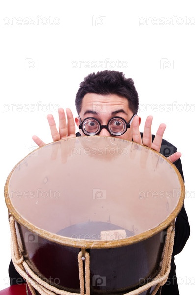 Забавный мужчина с барабаном на белом фоне
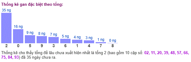 Thống kê gan giải đặc biệt miền Bắc theo tổng
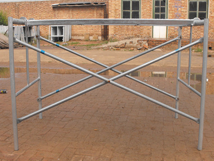 門式腳手架的搭設(shè),應(yīng)先在端點底座上插入兩榀門架,并隨即裝上交叉桿固定,鎖好鎖片,然后搭設(shè)以后的門架,每搭一榀,隨即裝上交叉桿和鎖片。
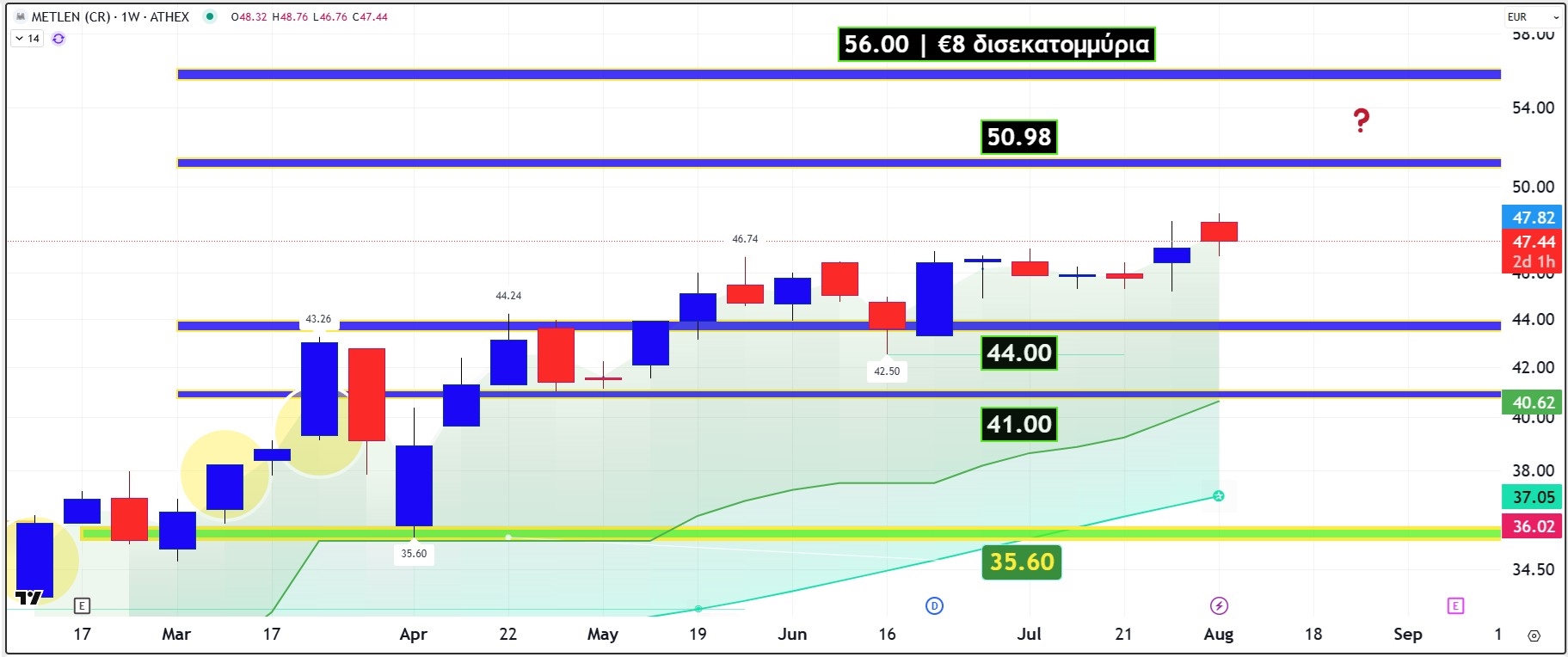 Από πλευράς διαγραμματικής ανάλυσης η μετοχή δείχνει να κάνει προθέρμανση για να αλλάξει επίπεδο περνώντας αποφασιστικά πάνω από τα €50. Στο LSE πάντως η μετοχή έγραψε νέο ιστορικό υψηλό στα €50,98, επίπεδο που αναμένεται να περάσει και η μετοχή που διαπραγματεύεται στο ΧΑΑ. Η κίνηση που φαίνεται στο εβδομαδιαίο chart να έχει ξεκινήσει από τα μέσα Μαΐου με την ανοδική διάλυση των €44 οδηγεί προς την περιοχή των €56 ευρώ δίνοντας έτσι μια κεφαλαιοποίηση στη Metlen στα €8 δισ. ευρώ.

## TASK GOAL
The lines running from the one with "門式腳手架的搭設(shè),應(yīng" to the close of the material above are to be retyped exactly; no picture is to be included.

## OUTPUT FOR THIS EXERCISE
 門式腳手架的搭設(shè),應(yīng)先在端點底座上插入兩榀門架,并隨即裝上交叉桿固定,鎖好鎖片,然后搭設(shè)以后的門架,每搭一榀,隨即裝上交叉桿和鎖片。
 Από πλευράς διαγραμματικής ανάλυσης η μετοχή δείχνει να κάνει προθέρμανση για να αλλάξει επίπεδο περνώντας αποφασιστικά πάνω από τα €50. Στο LSE πάντως η μετοχή έγραψε νέο ιστορικό υψηλό στα €50,98, επίπεδο που αναμένεται να περάσει και η μετοχή που διαπραγματεύεται στο ΧΑΑ. Η κίνηση που φαίνεται στο εβδομαδιαίο chart να έχει ξεκινήσει από τα μέσα Μαΐου με την ανοδική διάλυση των €44 οδηγεί προς την περιοχή των €56 ευρώ δίνοντας έτσι μια κεφαλαιοποίηση στη Metlen στα €8 δισ. ευρώ.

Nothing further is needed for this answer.